There had been a few scares from Angels batters throughout the night, though none as profound as Shohei Ohtani’s shot up the middle in the seventh, fielded expertly by Isiah Kiner-Falefa, who had been shifted over to the second-base side of the bag. Kiner-Falefa made the backhand play on the run and threw across his body from his original shortstop position, bouncing it in there to DJ LeMahieu to get the out. When Kiner-Falefa did what he did, manager Aaron Boone said, “you start letting your mind go there a little bit.” 

The fans were standing and chanting and anticipating, bringing late October to the first week of June. Taillon got Mike Trout to fly out to left, leaving him six outs to get. Six outs from immortality. 

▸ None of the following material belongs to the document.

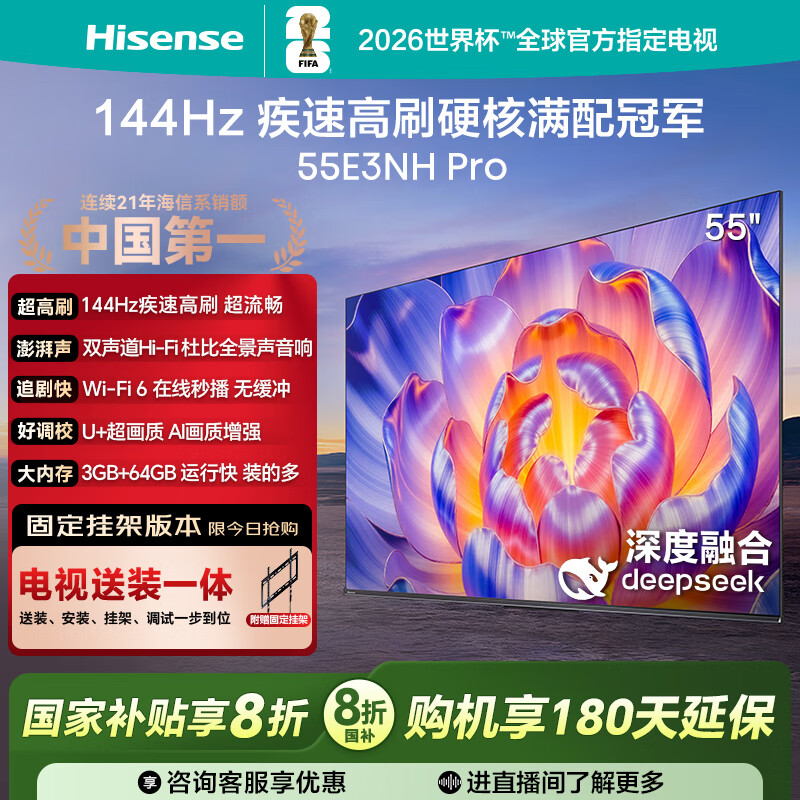 海信电视55E3NH Pro 55英寸【送装一体-固定挂架】144Hz高刷 杜比全景声 智能Wi-Fi6 U+超画质大内存

And then history went poof in the night. Jared Walsh led off the eighth by hitting Taillon’s 0-2 four-seamer to the right of a sliding Kiner-Falefa, who couldn’t come up with the backhand. Walsh turned it into a double, and the crowd groaned before breaking into applause. Two batters later, after tweaking his ankle covering first, Taillon surrendered an RBI single to Kurt Suzuki. 

He didn’t give the Angels a second run, and the fans near the dugout stood and cheered for the starter after he came off the field. 

Once the No. 2 overall pick in the 2010 draft, a Texas high school sensation selected after Bryce Harper and before Manny Machado, Taillon had overcome a ton to get to this point.

Jameson Taillon reacts after giving up his first hit of the game.
Jameson Taillon reacts after giving up his first hit of the game.
Robert Sabo for the NY POST

He had endured not one, but two Tommy John surgeries on his elbow, and neither was the most alarming medical procedure of his career. One night in the spring of 2017 he felt some swelling in his testicle. Cancer, the doctor told him. After the surgery he posted on Twitter, “Today I lost a piece of my ‘manhood.’ But today I’m feeling like more of a man than I ever have.” 

He was back on the mound five weeks later, leading the Pirates to a victory over Colorado. So the Yankees knew the kind of fighter they were getting when they traded for him last year. They knew they were getting a pitcher who would give himself the best chance to succeed after missing the 2020 season. 

Taillon shortened up his delivery and strengthened his legs to ease the stress on his elbow, and his new mechanics have made him a new man. “Health is the main goal,” he said after his trade to the Yankees, “but I think performance will be a really good byproduct of it.” 

Performance was a great byproduct Thursday night, when Anthony Rizzo drove home the winning runs and made Taillon a 6-1 pitcher with a 2.30 ERA. 

“It just felt like one of those nights we were going to make it happen,” Taillon said. 

It was a night when a 6-5 starter stood 7 feet tall.